Symplectic realization of two interacting spin-two fields in three dimensions

Abstract

We constructed a symplectic realization of the dynamic structure of two interacting spin-two fields in three dimensions. A significant simplification refers to the treatment of constraints: instead of performing a Hamiltonian analysis à la Dirac, we worked out a method that only uses properties of the pre-symplectic two-form matrix and its corresponding zero-modes to investigate the nature of constraints and the gauge structure of the theory. For instance, we demonstrate that the contraction of the zero-modes with the potential gradient, yields explicit expressions for the whole set of constraints on the dynamics of the theory, including the symmetrization condition and an explicit relationship between the coupling and cosmological constants. This way, we further identify the necessary conditions for the existence of a unique non-linear candidate for a partially massless theory, using only the expression for the interaction parameters of the model.

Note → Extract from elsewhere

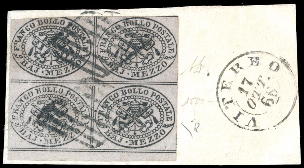 1864 - 1/2 baj violetto grigiastro (1A), blocco di quattro, bordo di foglio, il primo esemplare con il margine superiore intaccato, gli altri perfetti, usato su frammento a Viterbo 17/10/1866. Cert. A. ed E.Diena. Ex coll. Imperato.

In the case of gauge structure, the transformation laws for the entire set of dynamical variables are more straightforwardly derived from the structure of the remaining zero-modes; in this sense, the zero-modes must be viewed as the generators of the corresponding gauge transformations. Thereafter, we use an appropriate gauge-fixing procedure, the time gauge, to compute both the quantization brackets and the functional measure on the path integral associated with our model. Finally, we confirm that three-dimensional bi-gravity has two physical degrees of freedom per space point. With the above, we provide a new perspective for a better understanding of the dynamical structure of theories of interacting spin-two fields, which does not require the constraints to be catalogued as first- and second-class ones as in the case of Dirac’s standard method.

A preprint version of the article is available at ArXiv.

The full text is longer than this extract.